** WORK REQUEST **
The expected output is exactly the lines below, starting at the line with "1. стоимость единицы" and ending at the line with "Halloween Spec -2Ct", both included; no other line belongs in it.

** DATASET ENTRIES **
══════

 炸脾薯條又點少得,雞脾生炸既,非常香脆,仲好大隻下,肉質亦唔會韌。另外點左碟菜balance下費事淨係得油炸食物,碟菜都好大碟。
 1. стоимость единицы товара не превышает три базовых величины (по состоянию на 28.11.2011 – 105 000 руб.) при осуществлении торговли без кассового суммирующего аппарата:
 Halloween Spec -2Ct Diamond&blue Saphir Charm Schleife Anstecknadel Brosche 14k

══════

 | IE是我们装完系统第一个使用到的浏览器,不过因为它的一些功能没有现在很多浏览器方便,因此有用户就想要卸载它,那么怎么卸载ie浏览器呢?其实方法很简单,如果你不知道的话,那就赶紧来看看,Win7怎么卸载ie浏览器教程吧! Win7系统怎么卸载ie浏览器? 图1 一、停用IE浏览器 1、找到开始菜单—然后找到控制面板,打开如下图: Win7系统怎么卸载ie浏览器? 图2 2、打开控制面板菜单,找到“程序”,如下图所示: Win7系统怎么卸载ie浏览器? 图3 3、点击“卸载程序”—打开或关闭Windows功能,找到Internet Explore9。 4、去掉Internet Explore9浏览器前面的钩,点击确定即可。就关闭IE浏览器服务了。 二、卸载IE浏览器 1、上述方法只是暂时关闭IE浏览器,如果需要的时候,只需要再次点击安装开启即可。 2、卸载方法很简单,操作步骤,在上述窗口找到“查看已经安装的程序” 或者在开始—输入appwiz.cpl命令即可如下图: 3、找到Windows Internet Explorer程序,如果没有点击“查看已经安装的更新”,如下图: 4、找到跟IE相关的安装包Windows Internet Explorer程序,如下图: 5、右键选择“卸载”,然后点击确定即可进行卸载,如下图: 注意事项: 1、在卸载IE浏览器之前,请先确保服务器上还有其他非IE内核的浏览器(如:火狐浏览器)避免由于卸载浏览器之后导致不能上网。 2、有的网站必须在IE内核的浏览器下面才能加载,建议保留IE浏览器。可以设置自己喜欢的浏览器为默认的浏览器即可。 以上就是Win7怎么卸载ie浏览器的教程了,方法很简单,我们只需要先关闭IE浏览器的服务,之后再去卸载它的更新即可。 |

══════

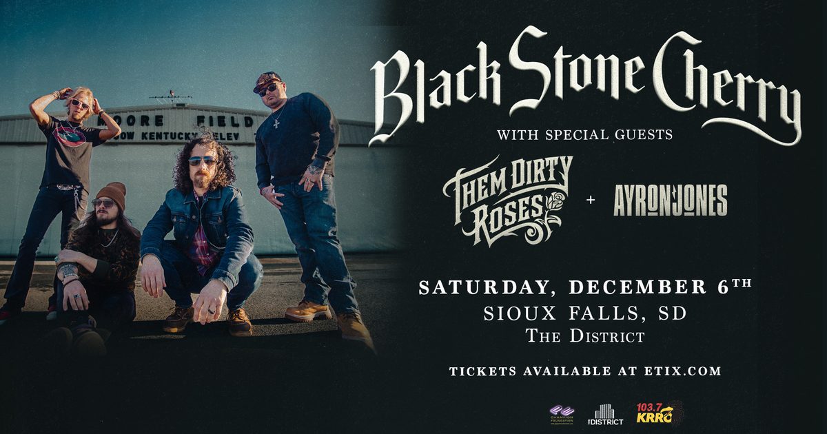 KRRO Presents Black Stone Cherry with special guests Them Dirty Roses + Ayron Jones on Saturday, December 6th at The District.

══════

** TASK SOLUTION **
 1. стоимость единицы товара не превышает три базовых величины (по состоянию на 28.11.2011 – 105 000 руб.) при осуществлении торговли без кассового суммирующего аппарата:
 Halloween Spec -2Ct Diamond&blue Saphir Charm Schleife Anstecknadel Brosche 14k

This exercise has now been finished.